Seguidamente, las voces masculinas del coro (segunda cita mozartiana: "Non piu andrai") apelan a Leporello por la tardanza de su amo, lo cual conforma una introducción al primer acto que nos pone en situación con respecto a los devaneos del protagonista, quien aparece en escena en actitud chulesca, a la vez que solemne por parte de la orquesta, canta 'Eccomi qua' -aria de lucimiento bien construida por el ruso Dimitri Korchak-, a la que sigue el 'Breve é la vita', con la indicación de Tempo di seguidilla -primer elemento 'españolizante' de la ópera. El segundo es el bolero que también canta Don Giovanni interpelado por la flauta, después de pedir una guitarra, en su aria 'Null’altro affetti' del segundo acto.

El tercero lo constituye la cita musical de la cachucha que Carnicer incluye en la última escena. Se trata de la misma escena para ambas versiones en la que unos músicos animan la cena de Don Giovanni. Incluye también un fragmento -aunque diferente de los que recoge Mozart- de Una cosa rara de Martín y Soler y de Fra gli due litiganti de Sarti.
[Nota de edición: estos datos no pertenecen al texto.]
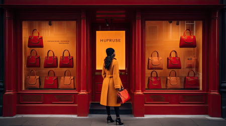 A solo shopper stands outside a luxury boutique holding bags in vivid shades of red and yellow. Her happiness radiates from the frame clearly having had a successful shopping adventure.
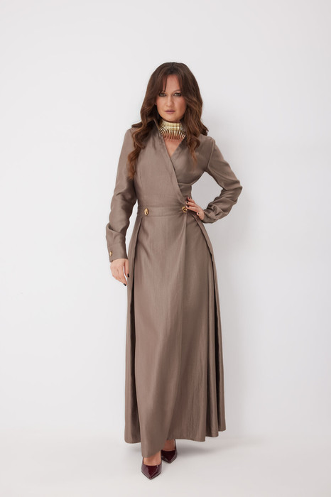 Комбинезон женский, отрезной по линии талии. Верхняя часть с рельефами по переду и вытачками по спинке. Воротник стояче-отложной. Застёжка на запах, на петли, пуговицы и потайную магнитную кнопку. Рукав втачной длинный, заканчивается манжетой с застежкой на петли-пуговицы. Нижняя часть комбинезона со складками и имитацией запаха. В боковых швах карманы. По спинке резинка на уровне талии.
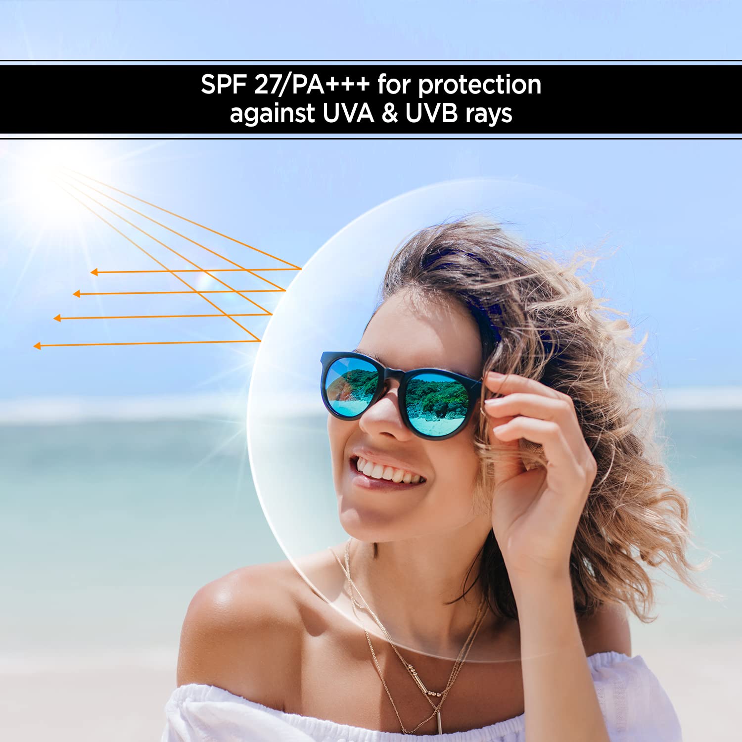 Multi-Protection to the skin : It contains SPF 27/PA+++ which protects your skin against UVA/UVB. Not just that but it also protects your skin from harmful blue light coming from devices and with anti-pollution effects it blocks dirt, dust and impurities and prevents premature aging.
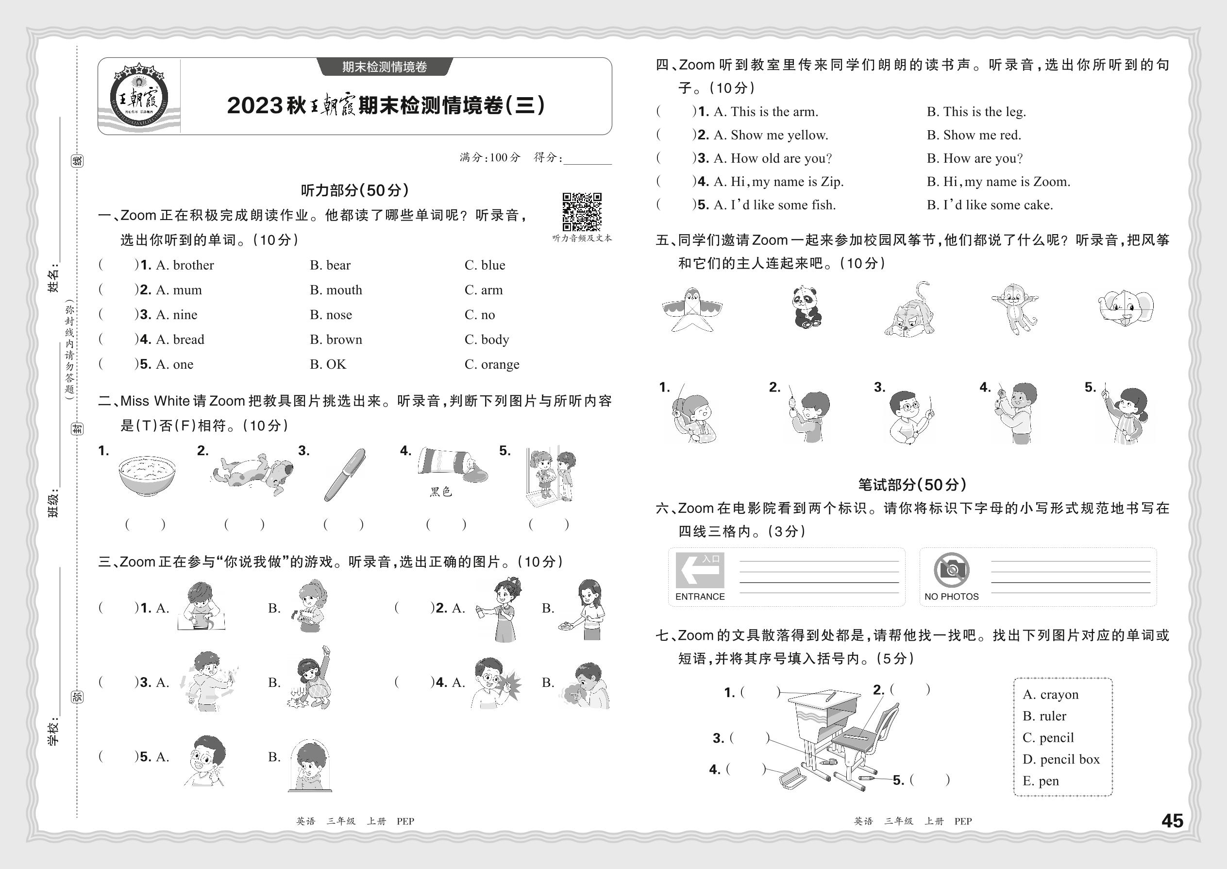 2023秋上册三年级英语人教PEP版 王朝霞期末检测情境卷(三)
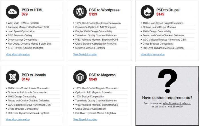 Markupcloud is amongst the well recognized providers of Markup conversion and theming services. We believe in delivering fast and high quality conversion with 100% satisfaction guarantee. For more details contact us at +1.606.658.0055 or email us at . You can also contact us via form online( http://www.markupcloud.com/contact )
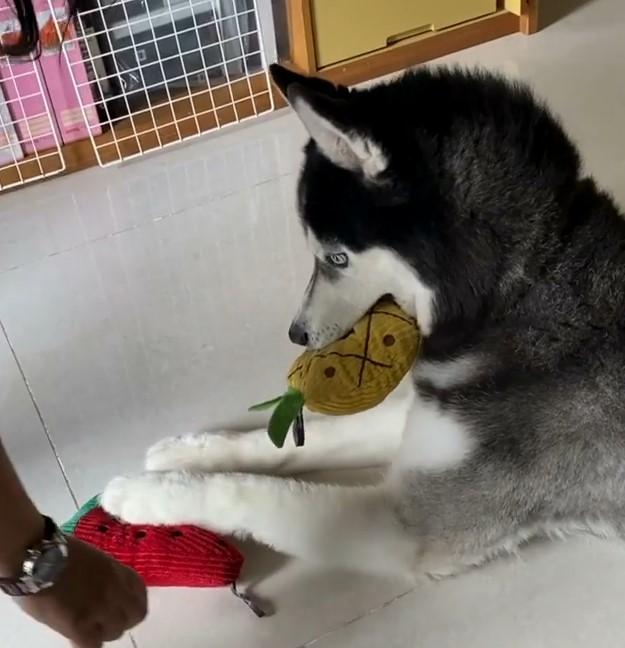 這隻名叫「Pakco」的哈士奇,已經6歲半多了,對於玩玩具的熱情卻是不受年齡增長而消退,日前疼愛牠的主人配合夏日天氣,買了西瓜和鳳梨造型的玩具給牠,想和一人(犬)一個一起遊戲,想不到Pakco卻對玩具們佔有慾爆棚,明明牠已經在玩西瓜玩具了,一發現主人拿起鳳梨玩具後,立刻過來咬著搶鳳梨玩具,還不忘用手壓住原本的西瓜玩具,彷彿在宣示主權一樣:「這些玩具都是我的!2個我都要」。
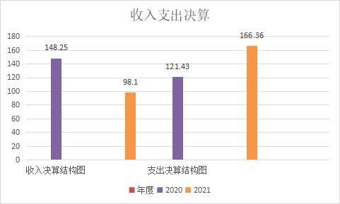 2021年度收入98.1万元、支出166.36万元。与2020收入148.25万元相比,收入减少50.15万元,减少33.83%、支出与2020支出121.43万元相比,支出增加44.93万元,增长37%。主要变动原因是项目资金增加及工资调标等。(注:数据来源于财决01-1表)

Deliciosa y acertadísima resulta la intervención de las maderas de la Sinfónica de Galicia, especialmente la de su clarinete solista, resuelto y elegante, que realiza una auténtica exhibición.

Las arias y conjuntos se rigen según el patrón denominado solita forma [POWERS, Harold S. “La solita forma” and “The Uses of Convention”, Acta Musicologica, Vol. 59, Fasc. 1. (Jan-Apr., 1987), pp. 65-90. Grosso modo, contienen una parte expresiva y otra virtuosa para lucimiento del solista o conjunto. La primera, cantabile, comienza tras un recitativo y termina, generalmente, con una cadencia. Una sección intermedia, tempo di mezzo -en la que los personajes suelen dialogar- nos lleva a la cabaletta, en la cual el solista se explaya a placer.

Ambas partes tienen una función dramática diferenciada: mientras en el cantabile la acción avanza (Don Giovanni nos informa de que ha llegado tarde en 'Eccomi qua' porque las mujeres son lo primero), en la cabaletta la acción se detiene y el protagonista muestra sus sentimientos o se recrea en alguna idea (breve es la vida que pasa y no retorna). Esta estructura es recogida por Carnicer a partir de las óperas de Rossini, y la desarrollarán también Donizetti y Bellini, hasta llegar a Verdi.

Las arias se reparten de forma equitativa entre ambos actos. El tenor y la soprano tienen una en cada uno de ellos. Leporello, barítono (bajo en el reparto de Mozart), tiene su momento de lucimiento en la última escena de la primera parte, el aria del catálogo -con minueto incluido y reminiscencias de 'Una voce poco fa'- (única vez en la que el recuerdo del aria del salzburgués le podría jugar una mala pasada al catalán, si es que hubiera que poner ambas piezas en una balanza, que no es el caso), y el otro tenor, Don Ottavio, canta 'Non temer, mio caro bene' y promete venganza en la escena quinta de la segunda parte.

Las piezas de conjunto se concentran en el primer acto: el cuarteto, 'Tutto segue a meraviglia', bella y serena melodía que no hace presagiar el trágico final de acto, muy bien interpretado y empastado por el cuarteto de dos tenores, soprano y bajo; el quinteto con coro (uno de los mejores momentos del coro de la orquesta gallega en la grabación) 'Non vi fidate, o miseri', en el que reaparece el primer tema de la sinfonía y se incluye una cadencia difícil de conjuntar (muy buena su resolución); y el concertante final, en el que se acumula la tensión que conduce a la solución del duelo con la muerte del Commendatore.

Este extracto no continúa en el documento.